◆ TO DO
The lines below from the one with "6.5帖(2階)・洋室 8.5帖(2階) |" up to and including the one with "He has not changed." are what you should set down, exactly and without pictures.

DATA SHOWN Start Marker

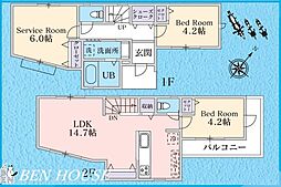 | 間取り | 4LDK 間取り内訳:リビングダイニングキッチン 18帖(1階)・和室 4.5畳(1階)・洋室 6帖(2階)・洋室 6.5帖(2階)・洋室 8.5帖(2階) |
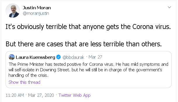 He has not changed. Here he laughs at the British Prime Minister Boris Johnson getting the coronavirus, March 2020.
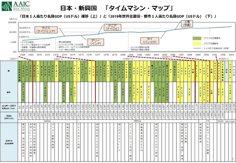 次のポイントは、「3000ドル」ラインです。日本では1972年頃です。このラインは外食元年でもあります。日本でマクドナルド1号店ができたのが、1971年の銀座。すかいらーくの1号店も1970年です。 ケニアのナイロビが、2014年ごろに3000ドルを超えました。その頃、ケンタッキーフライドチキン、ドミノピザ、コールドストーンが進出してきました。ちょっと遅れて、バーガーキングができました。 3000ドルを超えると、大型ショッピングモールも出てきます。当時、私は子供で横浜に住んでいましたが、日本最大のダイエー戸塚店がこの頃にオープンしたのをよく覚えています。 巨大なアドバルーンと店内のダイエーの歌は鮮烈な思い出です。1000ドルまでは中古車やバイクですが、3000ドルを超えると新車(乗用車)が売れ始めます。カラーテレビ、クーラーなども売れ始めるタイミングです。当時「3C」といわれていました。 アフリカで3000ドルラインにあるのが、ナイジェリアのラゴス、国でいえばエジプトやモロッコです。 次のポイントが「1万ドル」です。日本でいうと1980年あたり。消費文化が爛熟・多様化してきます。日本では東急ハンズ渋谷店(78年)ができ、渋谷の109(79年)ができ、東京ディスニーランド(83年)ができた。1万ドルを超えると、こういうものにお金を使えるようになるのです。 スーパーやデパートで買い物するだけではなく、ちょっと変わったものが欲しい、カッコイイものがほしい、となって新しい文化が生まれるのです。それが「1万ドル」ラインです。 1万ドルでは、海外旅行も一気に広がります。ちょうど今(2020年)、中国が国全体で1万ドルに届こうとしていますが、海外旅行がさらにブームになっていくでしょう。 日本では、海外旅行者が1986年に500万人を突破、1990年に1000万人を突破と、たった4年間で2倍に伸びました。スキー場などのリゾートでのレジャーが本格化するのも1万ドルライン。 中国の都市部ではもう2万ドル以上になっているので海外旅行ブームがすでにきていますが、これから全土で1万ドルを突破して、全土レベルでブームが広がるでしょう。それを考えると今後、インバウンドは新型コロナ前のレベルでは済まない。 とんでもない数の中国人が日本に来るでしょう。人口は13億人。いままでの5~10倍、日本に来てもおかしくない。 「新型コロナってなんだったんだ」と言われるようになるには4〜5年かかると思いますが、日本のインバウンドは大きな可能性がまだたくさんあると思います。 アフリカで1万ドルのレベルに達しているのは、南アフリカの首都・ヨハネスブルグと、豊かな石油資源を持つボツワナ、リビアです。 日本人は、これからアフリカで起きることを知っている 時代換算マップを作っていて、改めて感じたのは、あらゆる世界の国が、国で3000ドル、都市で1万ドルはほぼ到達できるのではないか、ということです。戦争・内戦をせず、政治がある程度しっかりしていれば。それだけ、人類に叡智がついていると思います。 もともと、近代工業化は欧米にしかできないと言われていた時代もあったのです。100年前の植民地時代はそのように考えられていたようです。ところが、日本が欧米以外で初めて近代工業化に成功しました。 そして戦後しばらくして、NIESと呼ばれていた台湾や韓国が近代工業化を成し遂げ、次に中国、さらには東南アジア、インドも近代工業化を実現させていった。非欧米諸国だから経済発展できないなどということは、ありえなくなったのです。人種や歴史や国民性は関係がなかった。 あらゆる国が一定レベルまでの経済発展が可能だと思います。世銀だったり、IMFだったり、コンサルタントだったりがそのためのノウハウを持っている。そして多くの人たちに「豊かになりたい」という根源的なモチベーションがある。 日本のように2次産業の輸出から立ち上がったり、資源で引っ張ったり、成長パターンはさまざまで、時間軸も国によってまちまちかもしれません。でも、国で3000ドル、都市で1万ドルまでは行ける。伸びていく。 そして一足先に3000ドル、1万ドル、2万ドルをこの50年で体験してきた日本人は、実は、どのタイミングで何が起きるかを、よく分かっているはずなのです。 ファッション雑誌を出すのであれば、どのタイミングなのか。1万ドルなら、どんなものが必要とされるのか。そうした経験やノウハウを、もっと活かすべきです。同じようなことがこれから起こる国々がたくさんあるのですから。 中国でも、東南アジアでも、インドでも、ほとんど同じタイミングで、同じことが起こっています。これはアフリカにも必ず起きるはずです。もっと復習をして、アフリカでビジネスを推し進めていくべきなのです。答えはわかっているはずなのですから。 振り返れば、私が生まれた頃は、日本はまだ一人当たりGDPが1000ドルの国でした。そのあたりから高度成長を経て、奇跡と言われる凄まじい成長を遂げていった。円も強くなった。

DATA SHOWN End Marker
DATA SHOWN Start Marker

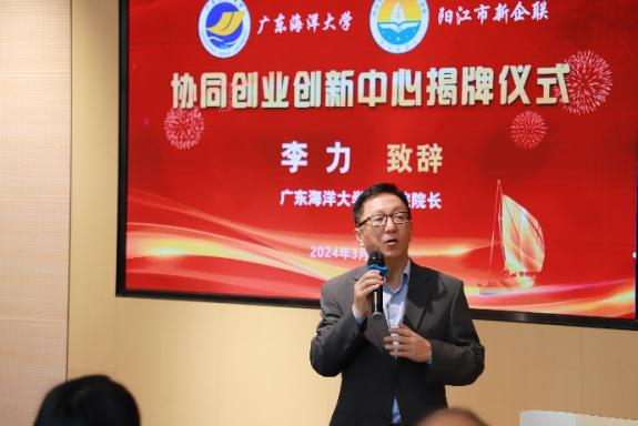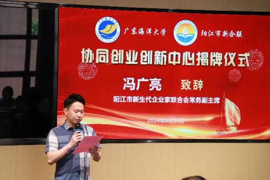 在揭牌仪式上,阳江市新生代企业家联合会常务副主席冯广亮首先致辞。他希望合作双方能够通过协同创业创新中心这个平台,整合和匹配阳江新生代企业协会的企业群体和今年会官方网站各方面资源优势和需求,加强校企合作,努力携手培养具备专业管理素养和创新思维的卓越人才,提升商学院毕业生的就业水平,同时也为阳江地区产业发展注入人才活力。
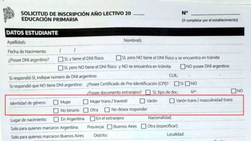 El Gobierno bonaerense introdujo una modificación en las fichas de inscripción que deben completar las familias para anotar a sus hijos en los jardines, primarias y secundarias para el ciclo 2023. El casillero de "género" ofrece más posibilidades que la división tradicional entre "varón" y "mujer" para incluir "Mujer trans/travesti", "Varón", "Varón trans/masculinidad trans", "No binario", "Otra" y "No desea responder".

DATA SHOWN End Marker

◆ EXERCISE SOLUTION
 | 間取り | 4LDK 間取り内訳:リビングダイニングキッチン 18帖(1階)・和室 4.5畳(1階)・洋室 6帖(2階)・洋室 6.5帖(2階)・洋室 8.5帖(2階) |
 He has not changed. Here he laughs at the British Prime Minister Boris Johnson getting the coronavirus, March 2020.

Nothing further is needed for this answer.